| DIRECTIONS |
Could you restate word for word only the lines below from the one holding "Începutul lunii februarie" to the one holding "Высокие доходы от", inclusive, and leave out the pictures?

| EXCERPTED DATA |
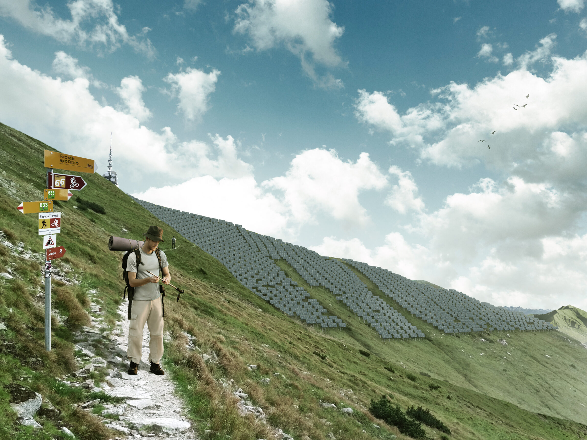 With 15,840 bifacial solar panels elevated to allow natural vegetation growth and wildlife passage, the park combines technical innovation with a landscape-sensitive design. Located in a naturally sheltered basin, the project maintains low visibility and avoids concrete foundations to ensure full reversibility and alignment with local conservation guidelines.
---
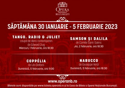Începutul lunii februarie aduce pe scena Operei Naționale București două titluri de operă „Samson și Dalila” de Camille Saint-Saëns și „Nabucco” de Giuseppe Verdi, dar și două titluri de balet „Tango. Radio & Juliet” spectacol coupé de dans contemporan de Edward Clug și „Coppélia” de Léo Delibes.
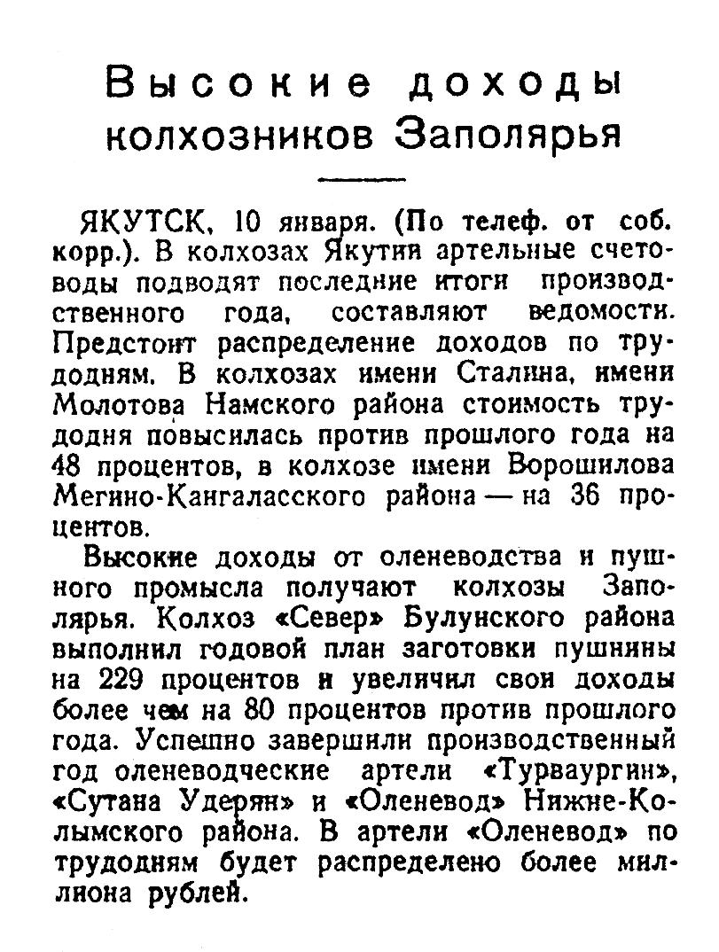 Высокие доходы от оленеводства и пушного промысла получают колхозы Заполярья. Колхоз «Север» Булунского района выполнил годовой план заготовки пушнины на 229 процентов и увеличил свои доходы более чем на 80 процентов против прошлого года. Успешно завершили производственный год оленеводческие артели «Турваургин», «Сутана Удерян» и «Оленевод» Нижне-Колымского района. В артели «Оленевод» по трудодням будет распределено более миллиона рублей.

| TASK RESULT |
Începutul lunii februarie aduce pe scena Operei Naționale București două titluri de operă „Samson și Dalila” de Camille Saint-Saëns și „Nabucco” de Giuseppe Verdi, dar și două titluri de balet „Tango. Radio & Juliet” spectacol coupé de dans contemporan de Edward Clug și „Coppélia” de Léo Delibes.
 Высокие доходы от оленеводства и пушного промысла получают колхозы Заполярья. Колхоз «Север» Булунского района выполнил годовой план заготовки пушнины на 229 процентов и увеличил свои доходы более чем на 80 процентов против прошлого года. Успешно завершили производственный год оленеводческие артели «Турваургин», «Сутана Удерян» и «Оленевод» Нижне-Колымского района. В артели «Оленевод» по трудодням будет распределено более миллиона рублей.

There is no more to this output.